Overviews

System Modeling is the process of developiong abstract models of a system, with each model presenting a different view or perspective of that system.

Models of the existing system are used during requirements engineering.

• They help clarify what the existing system does and can be used as a basis for discussing its strengths and weaknesses.
• These then lead to requirements for the new system.

Models of the new system are used during requirements engineering to help explain the proposed requirements to other system stakeholders.

• Engineers use these models to discuss design proposals and to document the system for implementation.

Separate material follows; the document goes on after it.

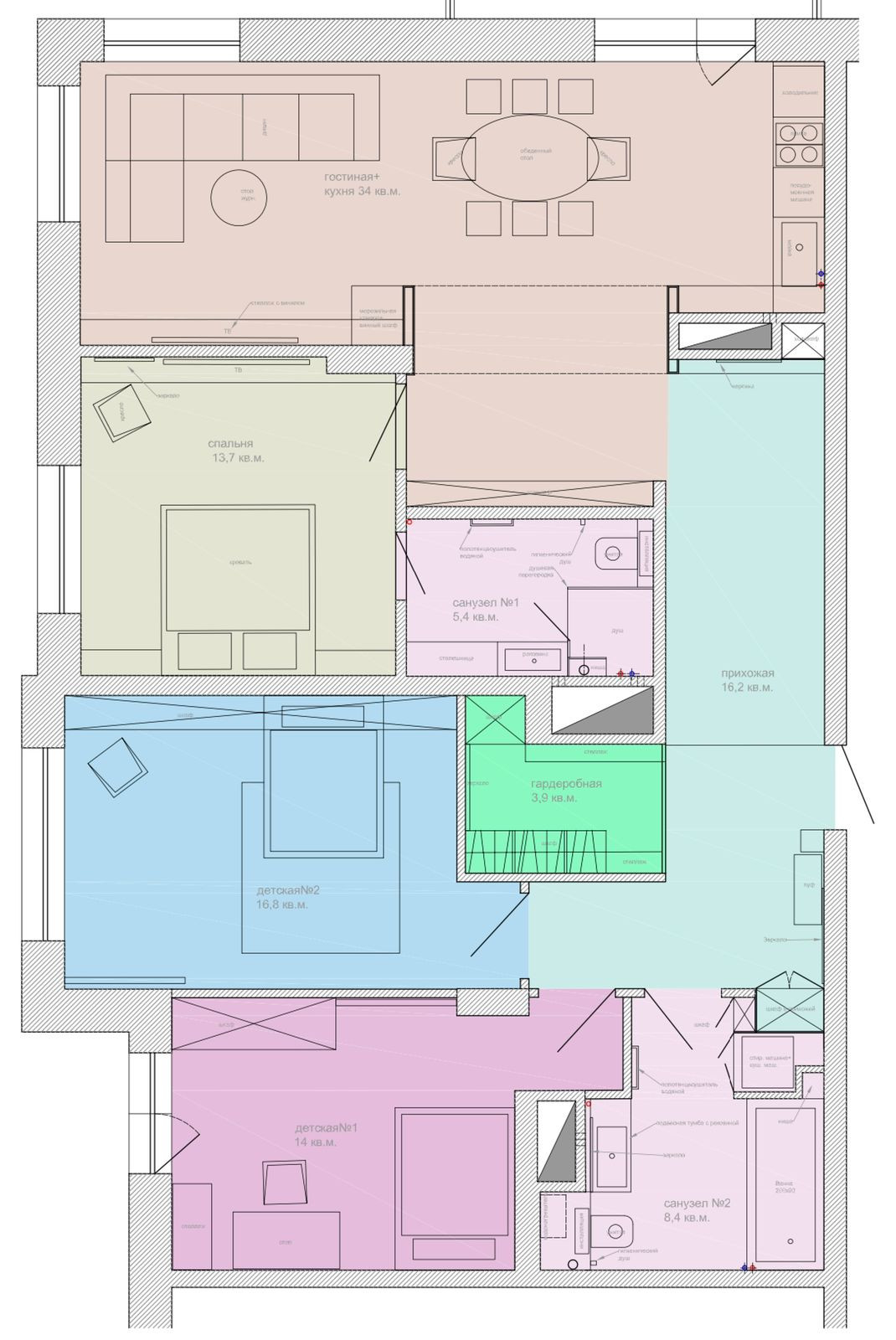 - остается вся встроенная техника ( посудомойка, холодильник, варочная поверхность, духовой шкаф), кухонный гарнитур, встроенная мебель в сан.узле,

In a model-driven engineering process, it is possible to generate a complete or partial system implementation from the system model.

System Perspectives:

• External/Context Model: External Perspective: where you model the context or environment of the system.
  • Block Diagram
  • User Case Diagram
• Process Model: the whole bussiness process.
  • Activity Diagram
• Interaction Model: Interaction Perspective: where you model the interactions between a system and its environment, or between the components of a system.
  • User Case Diagram
  • Sequence Diagram
• Structural Model: Structural Perspective: where you model the organization of a system or the structure of the data that is processed by the system.
  • Class Diagram
  • Activity Diagram
• Behavioral Model: Behavioral Perspective: where you model the dynamic behavior of the system and how it responds to events.
  • State Diagram
  • Activity Diagram

Usage of Graphical Models:

• As a means of facilitating discussion about an existing or proposed system
  • Incomplete and incorrect models are OK as their role is to support discussion.
• As a way of documenting an existing system
  • Models should be an accurate representation of the system but need not be complete.
• As a detailed system description that can be used to generate a system implementation.
  • Models have to be both correct and complete.

1. Context Models

1.1 Conceptions

Context models are used to illustrate the operational context of a system - they show what lies outside the system boundaries.

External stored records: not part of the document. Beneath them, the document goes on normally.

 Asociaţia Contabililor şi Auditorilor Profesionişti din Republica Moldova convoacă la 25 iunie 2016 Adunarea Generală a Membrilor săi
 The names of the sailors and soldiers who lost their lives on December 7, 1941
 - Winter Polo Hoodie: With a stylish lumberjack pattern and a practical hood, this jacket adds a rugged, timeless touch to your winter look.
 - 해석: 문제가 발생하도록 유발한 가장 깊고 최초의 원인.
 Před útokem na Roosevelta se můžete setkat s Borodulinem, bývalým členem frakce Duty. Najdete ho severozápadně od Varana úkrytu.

• Social and organisational concerns may affect the decision on where to position system boundaries.
• Architectural models show the system and its relationship with other systems.
• Context Diagram

1.2 System Boundaries

System boundaries are established to define what is inside and what is outside the system.

• They show other systems that are used or depended on the system being developed.

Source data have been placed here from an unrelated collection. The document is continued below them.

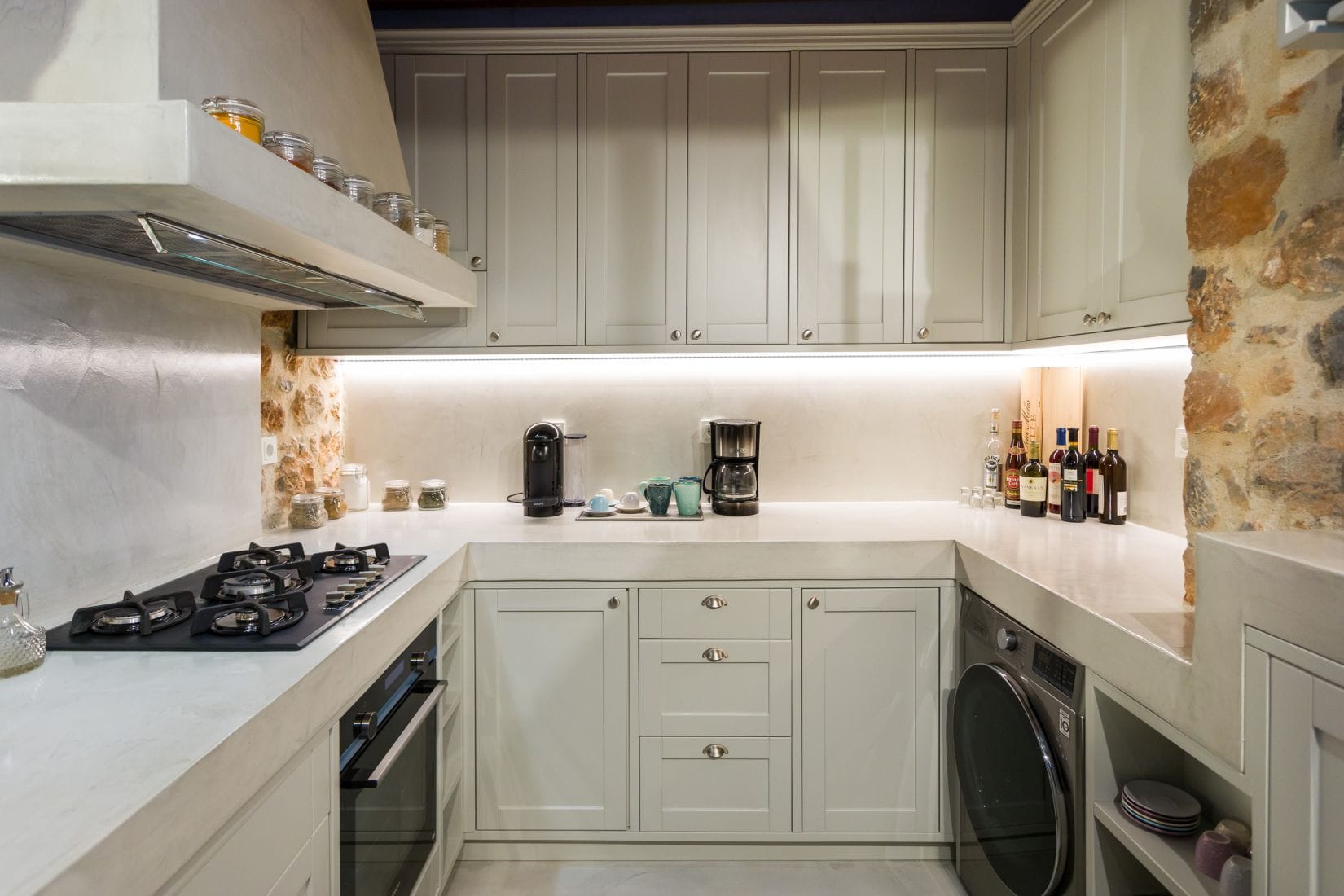 The kitchen boasts top-of-the-line appliances, including a gas stove, electric oven, microwave, dishwasher, and a large refrigerator. It’s a culinary paradise, complemented by a Nespresso coffee machine for your morning brews.
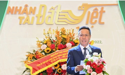 Ông Tô Dũng Thái - Chủ tịch Hội đồng Thành viên Tập đoàn Bưu chính Viễn Thông Việt Nam (VNPT) phát biểu tại Lễ trao giải Nhân tài Đất Việt lần thứ 16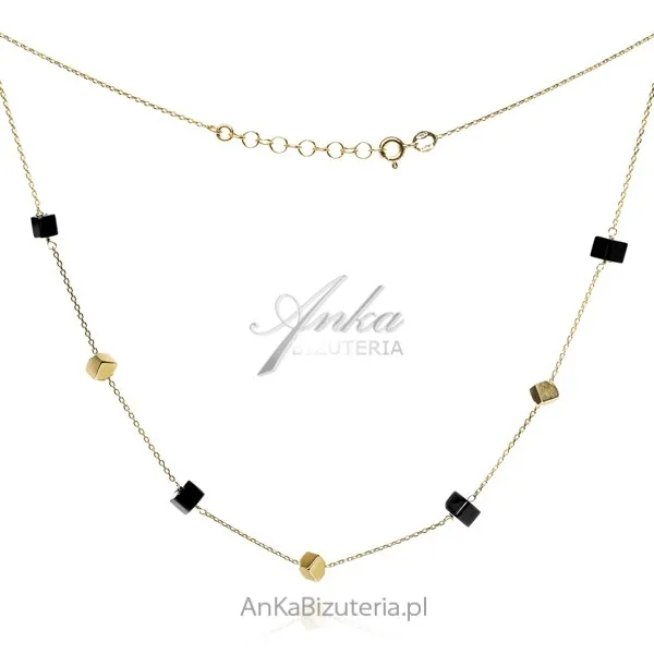 Naszyjnik srebrny pozłacany z onyksowymi kosteczkami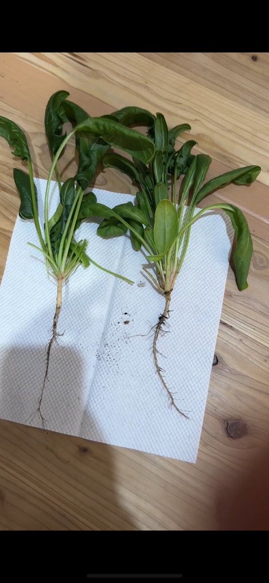 左→生育期間 短い 右→生育期間 長い 右の生育期間長い方が葉っぱの枚数が多い 一方で、左の生育期間が短い方が一枚あたりの葉っぱは大きく見える これは、左の方が光がよく当たっていた影響だと思う。 二つの条件を組み合わせれば次回はもっとうまくいく気がする🧐 #ほうれん草栽培 #室内栽培 pic.x.com/AmaFWbrMUe
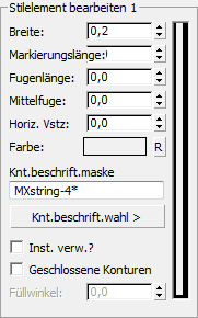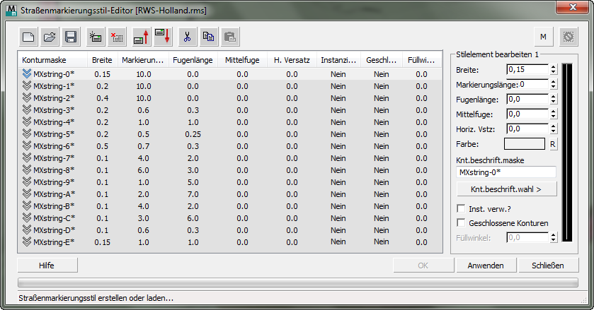 Mit den Steuerelementen im Bereich auf der rechten Seite können Sie die Einstellungen des markierten Straßenmarkierungsstil-Elements bearbeiten.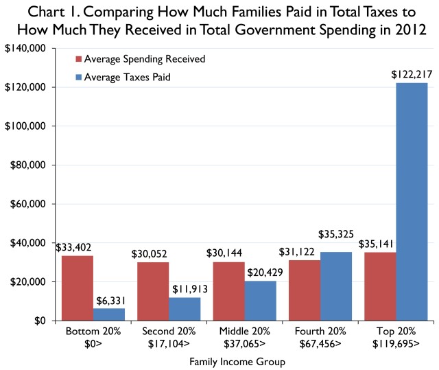 1. El 20% con menos ingresos paga anualmente unos 6.300 dólares en impuestos, pero recibe más de 33.400 dólares en transferencias y prestaciones varias.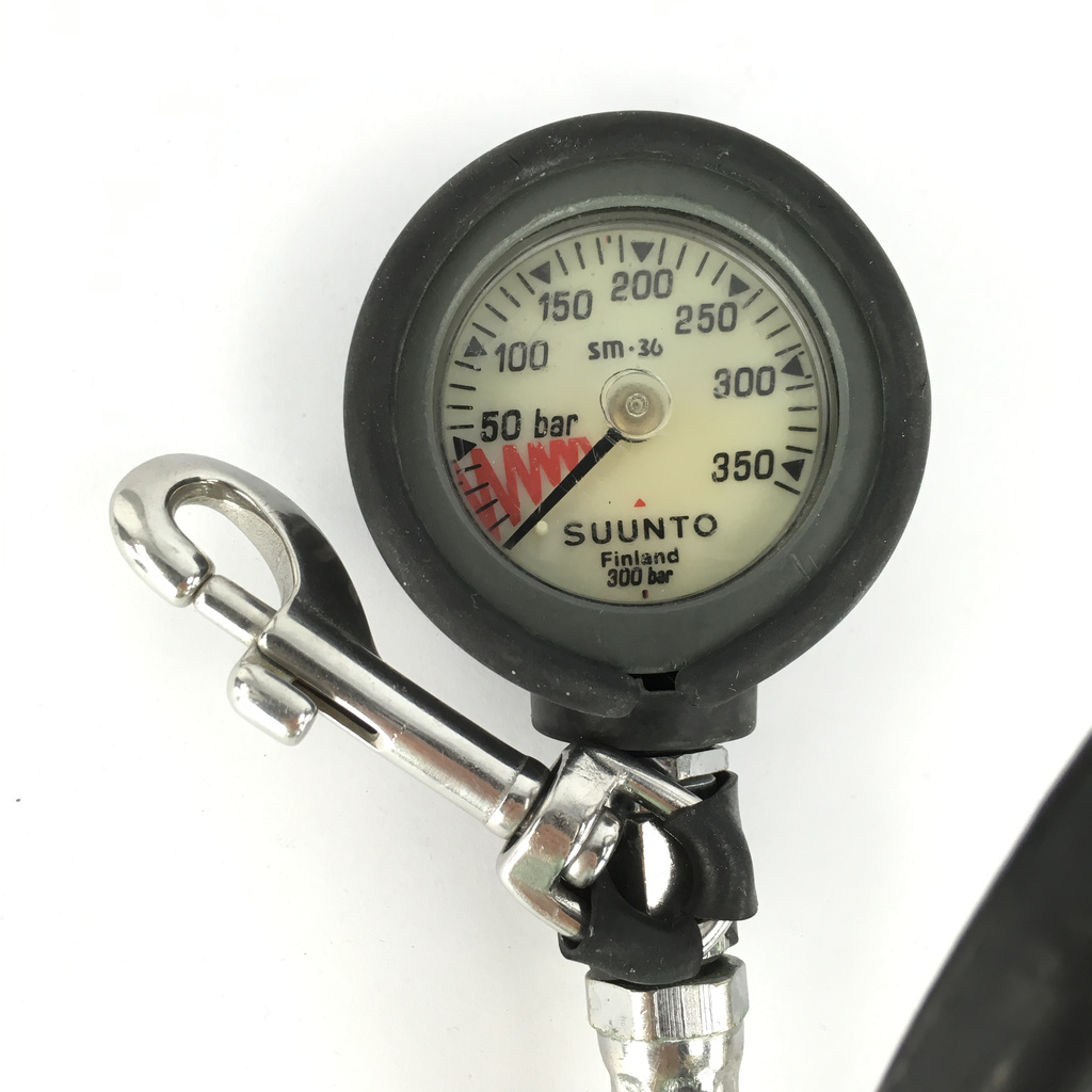 Med manometer från Suunto och inflatorslang till väst.

The position of the system boundary has a profound effect on the system requirements.

• Defining a system boundary is a political judgement.

1.3 Process Perspective

Question: Context Models simply show the other systems in the environment, not how the system being developed is used in that environment.

Solution: Process Models reveal how the system being developed is used in broader business processes.

• Activity Diagram

2. Interaction Models

Modeling user interaction is important as it helps to identify user requirements.

Modeling system-to-system interaction highlights the communication problems that may arise.

Modeling component interaction helps us understand if a proposed system structure is likely to deliver the required system performance and dependability.

Diagram:

• User Case Diagrams
• Sequence Diagrams

2.1 User Case Modeling

User cases were developed originally to Support Requirements Elicitation and now incorporated into the UML.

• Each use case represents a discrete task that involves external interaction with a system.
• Actors in a use case may be people or other systems.
• Represented diagrammatically to provide an overview of the use case and in a more detailed textual form.

2.2 Sequence Diagrams

Sequence diagrams are part of the UML and are used to model the interactions between the actors and the objects within a system.

A sequence diagram shows the sequence of interactions that take place during a particular use case or use case instance.

• The objects and actors involved are listed along the top of the diagram, with a dotted line drawn vertically from these.
• Interactions between objects are indicated by annotated arrows.

3. Structural Models

3.1 Structural Models

Structural models of software display the organization of a system in terms of the components that make up that system and their relationships.

Structural models may be:

• static models, which show the structure of the system design
• dynamic models, which show the organization of the system when it is executing.

You create structural models of a system when you are discussing and designing the system architecture.

3.2 Class Diagram

Class diagrams are used when developing an object-oriented system model to show the classes in a system and the associations between these classes.

An object class can be thought of as a general definition of one kind of system object.

An association is a link between classes that indicates that there is some relationship between these classes.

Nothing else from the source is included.